In 1964, they collaborated with Benetton clothing company to design the firm's first textile factory. Afra and Tobia Scarpa have been responsible for the interiors of the company’s Paris, Freiburg, and New York City offices.

In 1973 they designed the "Papillion" lamp for Flos, one of the first lighting designs to use halogen technology. They also worked for Fabbian (lamps "Saturnina" 1998 and "Galeto" 2001), and Veas (metal lamp "Scandola") in the later part of their careers. From their first collaborations as husband and wife in the mid-1950s until the present day, their pieces have incorporated new technologies, while still maintaining history, form, and function.

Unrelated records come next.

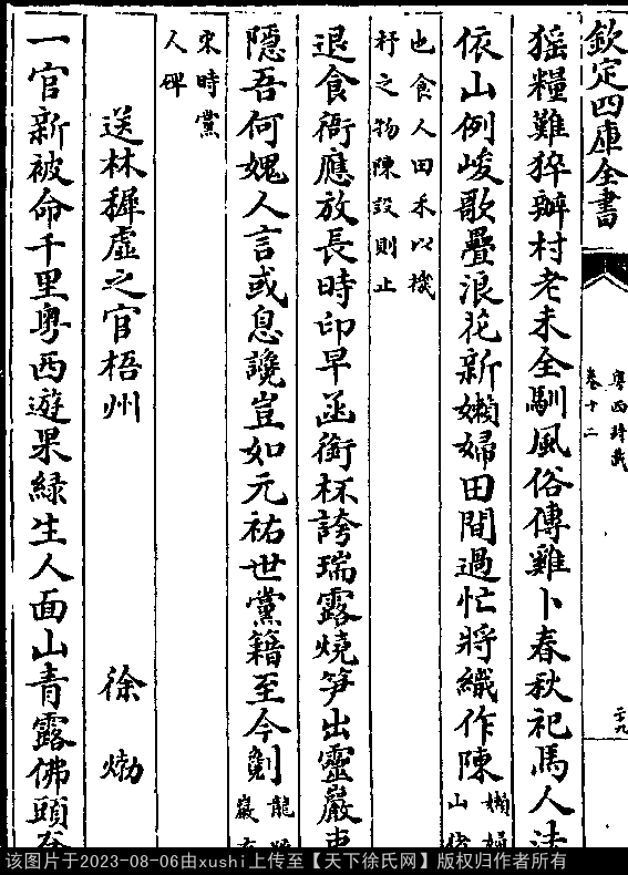 文化 送林稚虚之官梧州 明 · 徐㶿
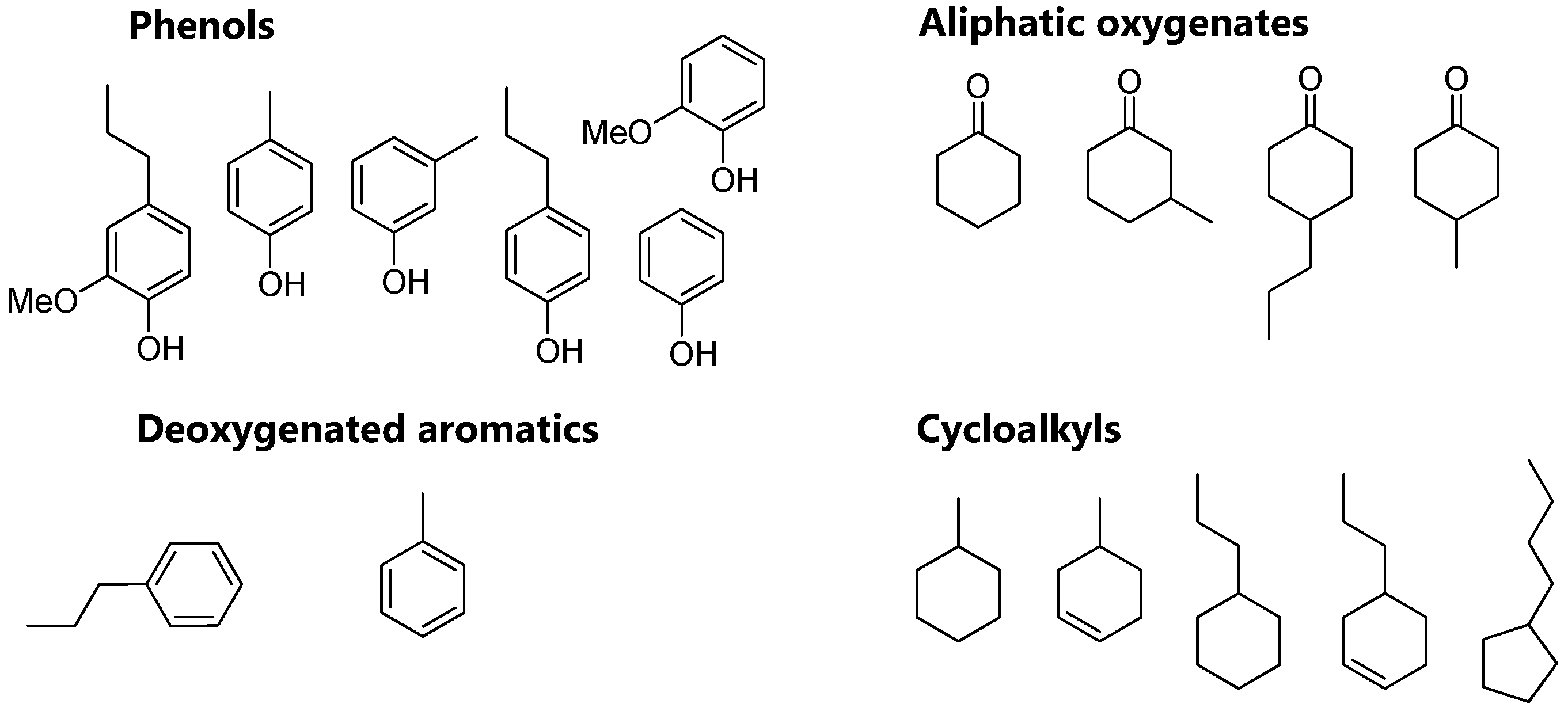 - Zhao, C.; He, J.; Lemonidou, A.A.; Li, X.; Lercher, J.A. Aqueous-phase hydrodeoxygenation of bio-derived phenols to cycloalkanes. J. Catal. 2011, 280, 8–16. [Google Scholar] [CrossRef]
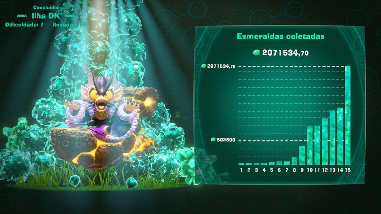 Sempre que iniciamos este modo, todo o ouro existente no mapa transforma-se em esmeraldas. Inicialmente, apenas temos acesso à Ilha DK com três níveis de dificuldades que já se encontram desbloqueados, cada uma com o seu número de rondas, os seus bónus e, claro, maiores recompensas quanto maior for a dificuldade.
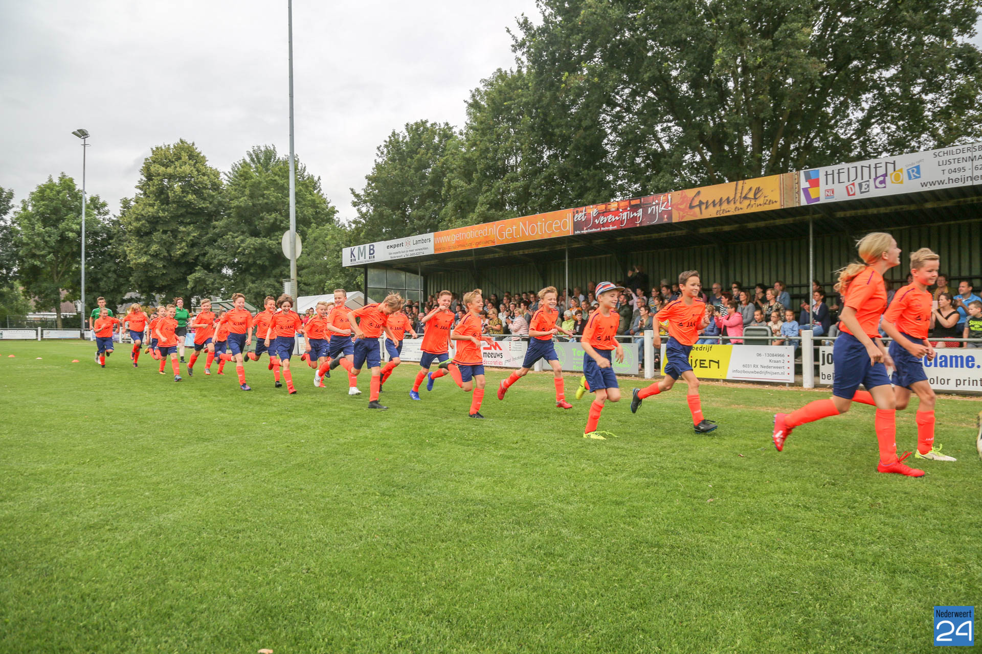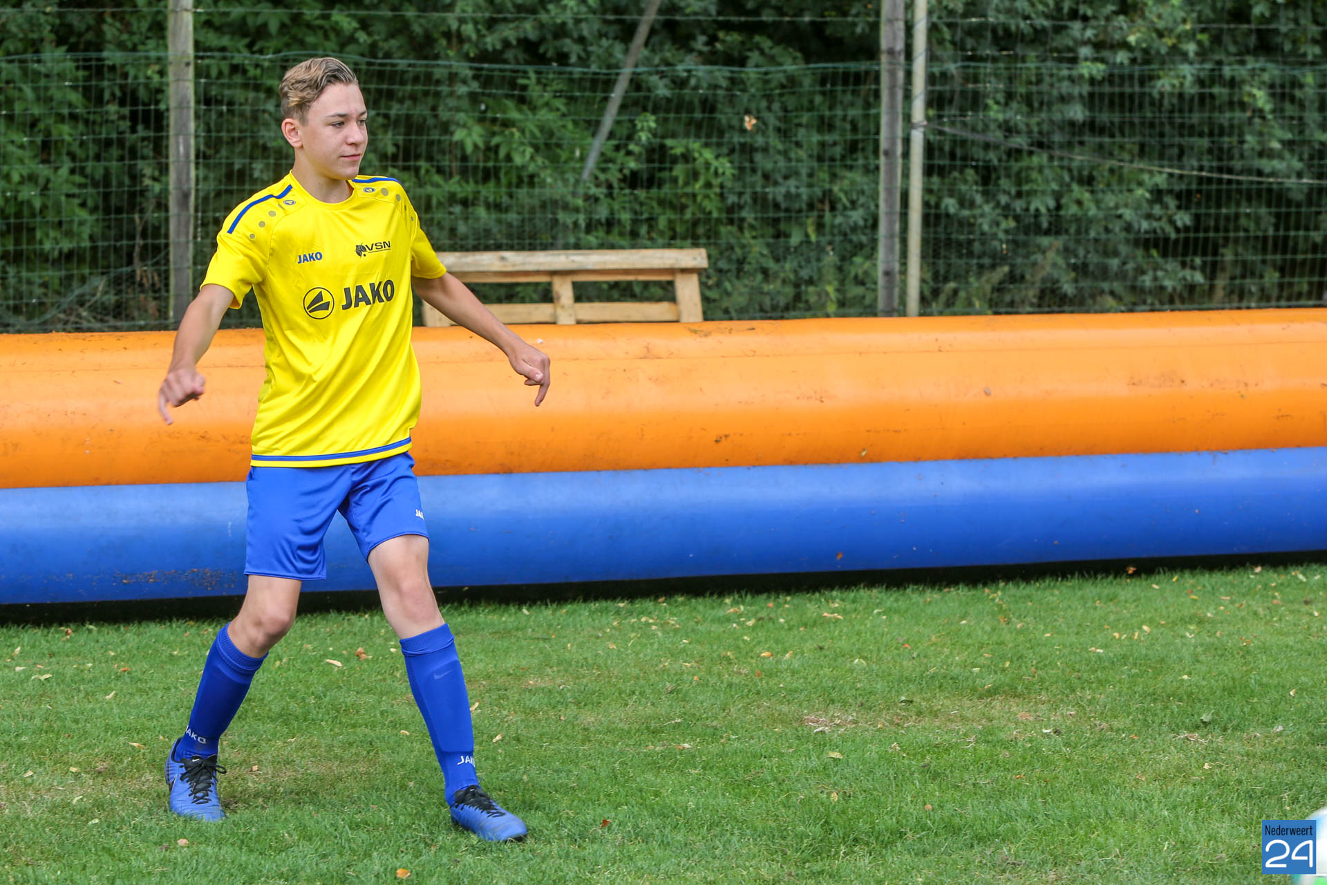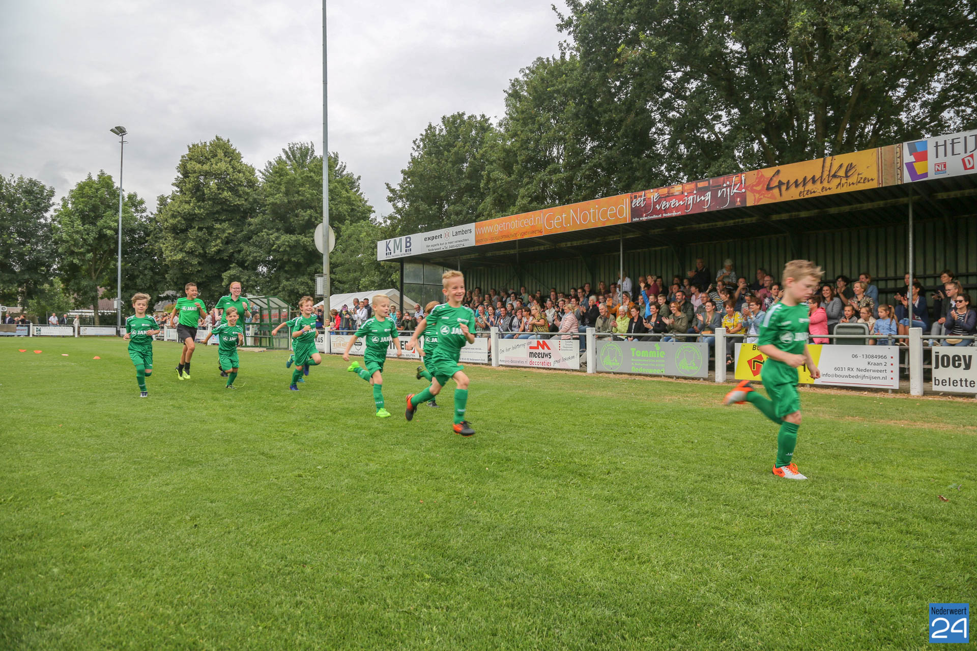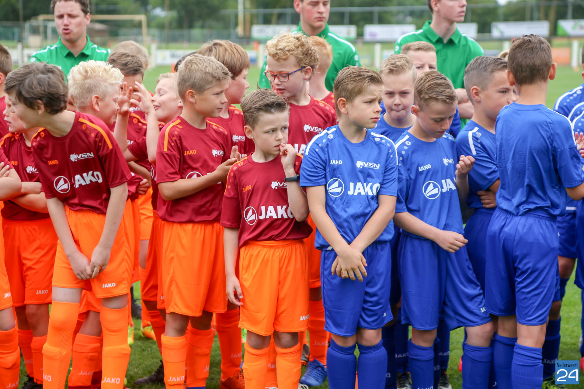 Maandagmorgen zijn de jaarlijkse VSN Voetbaldagen bij de Eindse Boys voor de 19e keer gestart. Op het terrein Op De Hooven werden vanmorgen vol trots alle jeugdspelers gepresenteerd onder toeziend oog van wethouder Peter Koolen. De zeer korte voorinschrijving bewees ook dit jaar weer dat de voetbalweek in Nederweert-Eind nog steeds ontzettend populair is. De jeugdige voetballers worden deze week dagelijks om 9.00 op het terrein verwacht en hebben vervolgens een gevarieerd voetbalprogramma tot 15:30. Moe en voldaan kunnen ze dan thuis uitrusten om de volgende dag er weer flink tegenaan te gaan.
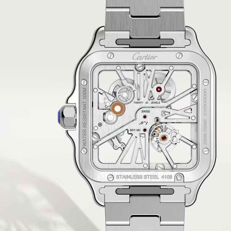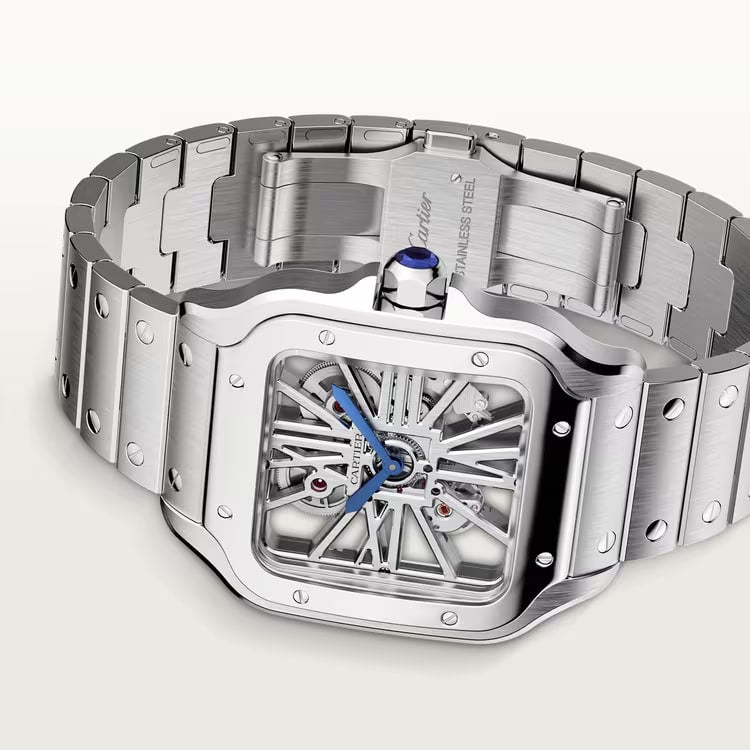Skeletonized models in the Santos collection reveal the intricate inner workings of the movement, adding a contemporary twist to this classic design. These pieces emphasize the brand's commitment to merging artistry with innovation.
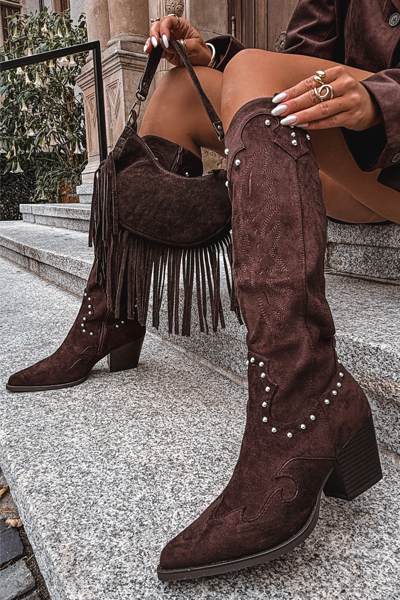 Bottes hautes pour femmes en chocolat au style cowboy avec décoration et talons Darella
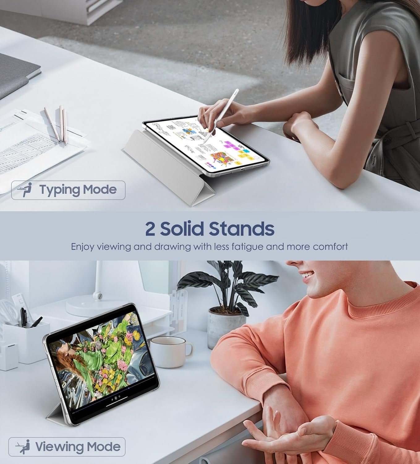 SUPPORT PLIABLE – Le couvercle avant iPad Air 11 pouces 2025/ iPad Air 11 pouces 2024 /iPad Air 5ème/4ème génération peut être plié comme un support, ce qui vous permet de choisir une position et un angle de vision plus confortable pour frapper ou regarder des vidéos , des SMS, des jeux ou l’apprentissage etc.
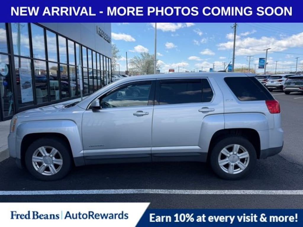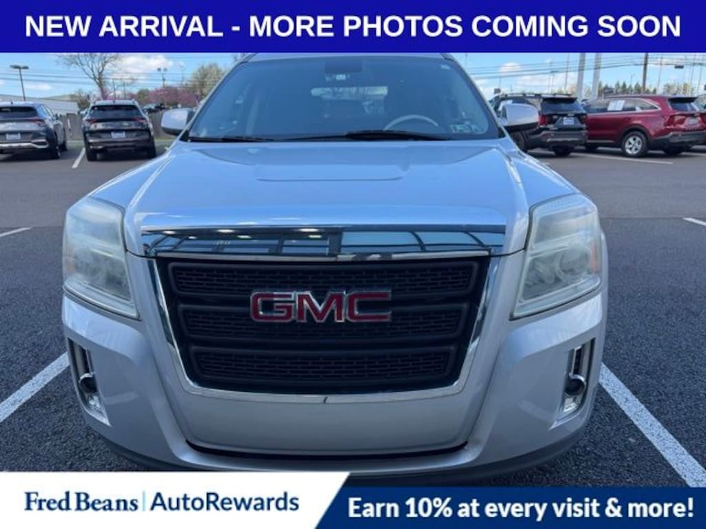 Recent Arrival! 2015 GMC Terrain SLE-1 2.4L 4-Cylinder SIDI DOHC VVT 6-Speed Automatic FWD 4D Sport Utility Quicksilver Metallic 17" x 7" Aluminum Wheels, 3.23 Axle Ratio, 4-Wheel Disc Brakes, 6 Speakers, 6-Speaker Audio System Feature, ABS brakes, Air Conditioning, Alloy wheels, AM/FM radio: SiriusXM, Auto-dimming Rear-View mirror, Bluetooth® For Phone, Brake assist, Bumpers: body-color, CD player, Cloth Seat Trim, Compass, Delay-off headlights, Driver door bin, Driver vanity mirror, Dual front impact airbags, Dual front side impact airbags, E10 Fuel Capable, Electronic Stability Control, Emergency communication system: OnStar Directions & Connections, Exterior Parking Camera Rear, Four wheel independent suspension, Front anti-roll bar, Front Bucket Seats, Front Center Armrest, Front fog lights, Front reading lights, Fully automatic headlights, Heated door mirrors, Illuminated entry, Low tire pressure warning, Occupant sensing airbag, Outside temperature display, Overhead airbag, Panic alarm, Passenger door bin, Passenger vanity mirror, Power door mirrors, Power driver seat, Power steering, Power windows, Preferred Equipment Group 3SA, Radio data system, Radio: Color Touch AM/FM Stereo w/CD Player, Rear anti-roll bar, Rear seat center armrest, Rear window defroster, Rear window wiper, Remote keyless entry, Security system, Single-Zone Manual Front Climate Control, SiriusXM Satellite Radio, Speed control, Speed-sensing steering, Split folding rear seat, Spoiler, Steering wheel mounted audio controls, Tachometer, Telescoping steering wheel, Tilt steering wheel, Traction control, Trip computer, Variably intermittent wipers.
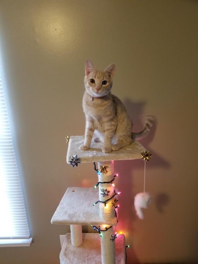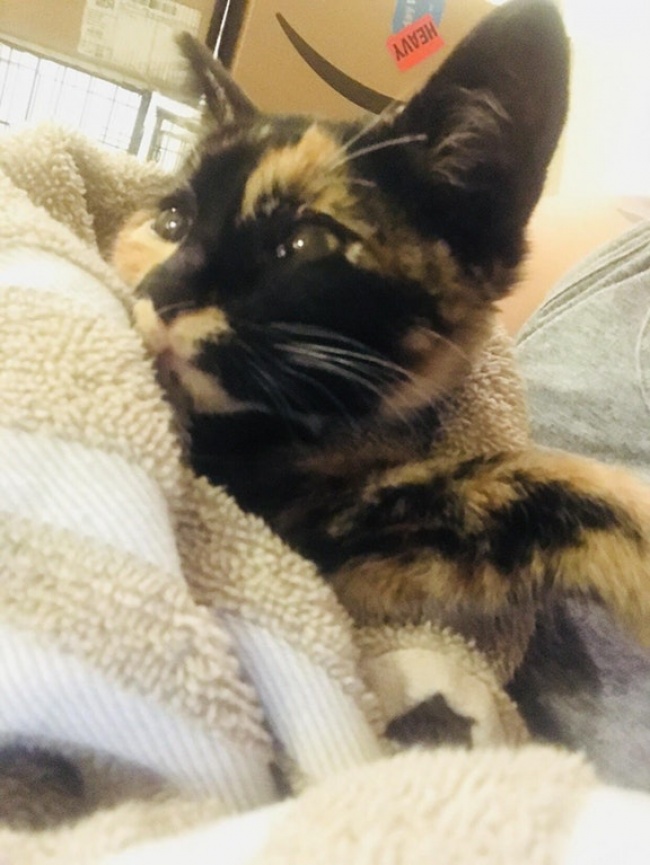 En allant chercher sa nièce à l’aéroport à 22 h 30, la veille de Noël, cette femme a été abordée par les employés des réclamations de bagages. Ils lui ont expliqué que quelqu’un avait abandonné et jeté un petit chaton, qu’ils l’ont sauvé, mais qu’ils ne pourraient pas le garder. C’est alors qu’ils ont amené la petite bête en lui suppliant de l’adopter. C’était Noël avant l’heure !
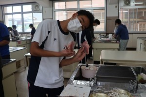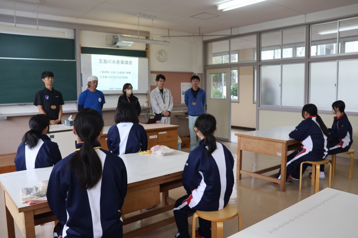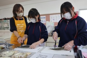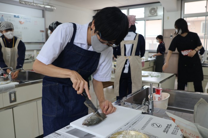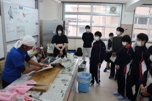 今回は「水産教室」をおこないました。はじめに、五島市の水産業について学び、その後、講師の川上様より魚の捌き方(三枚おろし)を学びました。そして、今年はギンガメアジの三枚おろしにチャレンジ!自分でさばいた魚をホイル焼きにしていただきました!

Afra and Tobia Scarpa have received the Compasso d'Oro in 1969 to the International Forum Design in 1992. Their furniture has been published in magazine articles like L'ŒIL. From 2004 to 2007, the couple collaborated on many restoration projects for historical buildings such as the Palazzo della Ragione in Verona, Italy.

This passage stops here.